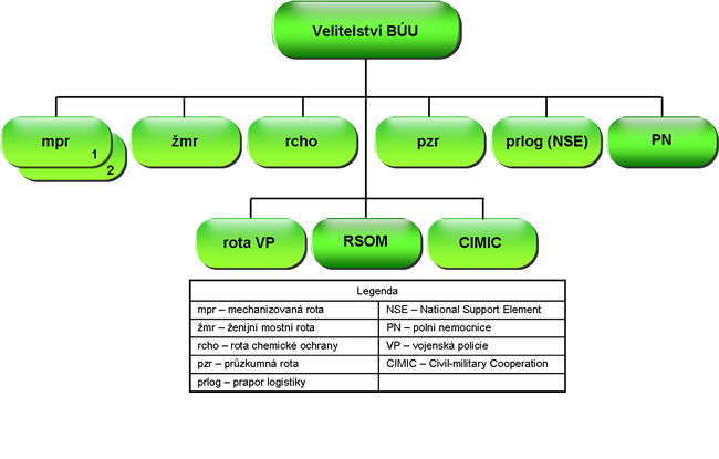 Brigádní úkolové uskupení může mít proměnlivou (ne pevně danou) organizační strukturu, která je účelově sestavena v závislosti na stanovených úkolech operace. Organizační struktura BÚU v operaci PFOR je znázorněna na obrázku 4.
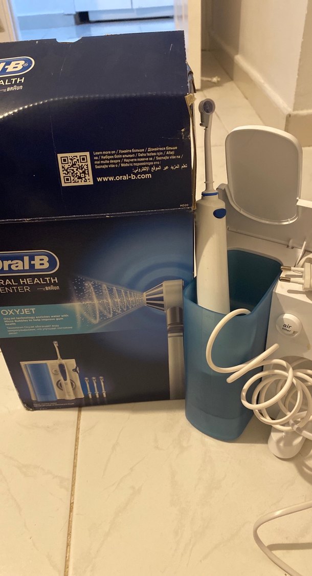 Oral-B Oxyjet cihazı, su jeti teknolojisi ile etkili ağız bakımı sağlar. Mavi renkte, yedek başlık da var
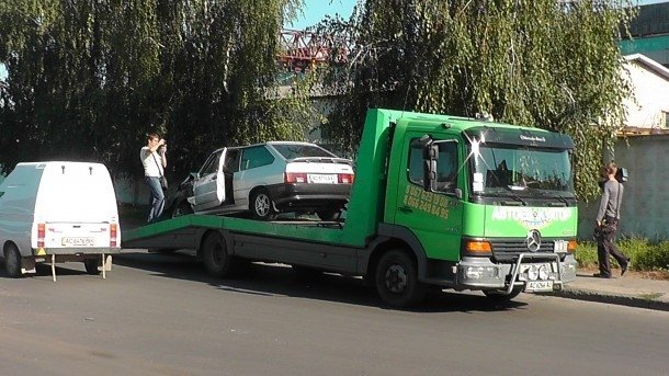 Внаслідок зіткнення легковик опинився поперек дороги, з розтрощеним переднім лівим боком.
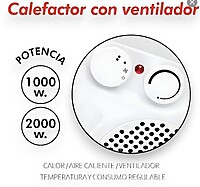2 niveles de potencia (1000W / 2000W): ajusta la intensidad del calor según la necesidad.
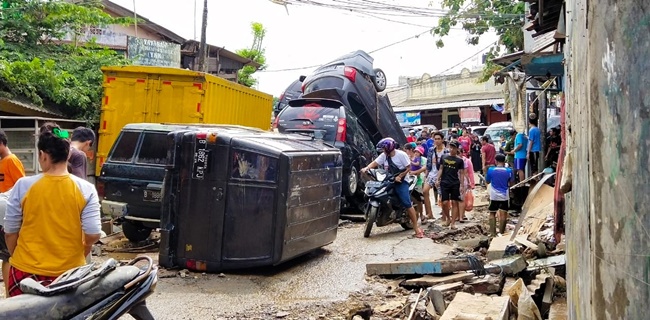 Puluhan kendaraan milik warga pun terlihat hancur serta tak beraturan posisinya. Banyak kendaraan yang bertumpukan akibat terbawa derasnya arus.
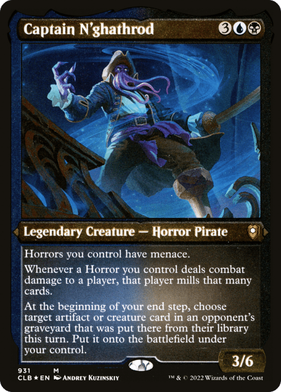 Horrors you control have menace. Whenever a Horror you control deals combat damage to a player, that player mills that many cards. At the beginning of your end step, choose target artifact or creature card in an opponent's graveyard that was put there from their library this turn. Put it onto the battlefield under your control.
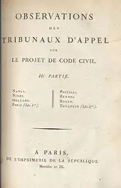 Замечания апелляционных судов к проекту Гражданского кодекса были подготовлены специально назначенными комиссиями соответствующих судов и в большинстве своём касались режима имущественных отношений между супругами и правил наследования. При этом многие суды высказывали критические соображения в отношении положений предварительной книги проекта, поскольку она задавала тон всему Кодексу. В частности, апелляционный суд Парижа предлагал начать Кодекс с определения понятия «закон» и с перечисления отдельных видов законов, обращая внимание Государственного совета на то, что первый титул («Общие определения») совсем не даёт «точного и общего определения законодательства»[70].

What needs to be done. Within the listing above, the stretch from the line with "Oral-B Oxyjet cihazı, su" down to the line with "Horrors you control" is to be given again exactly, end lines included and pictures excluded.

Answer.
 Oral-B Oxyjet cihazı, su jeti teknolojisi ile etkili ağız bakımı sağlar. Mavi renkte, yedek başlık da var
 Внаслідок зіткнення легковик опинився поперек дороги, з розтрощеним переднім лівим боком.
2 niveles de potencia (1000W / 2000W): ajusta la intensidad del calor según la necesidad.
 Puluhan kendaraan milik warga pun terlihat hancur serta tak beraturan posisinya. Banyak kendaraan yang bertumpukan akibat terbawa derasnya arus.
 Horrors you control have menace. Whenever a Horror you control deals combat damage to a player, that player mills that many cards. At the beginning of your end step, choose target artifact or creature card in an opponent's graveyard that was put there from their library this turn. Put it onto the battlefield under your control.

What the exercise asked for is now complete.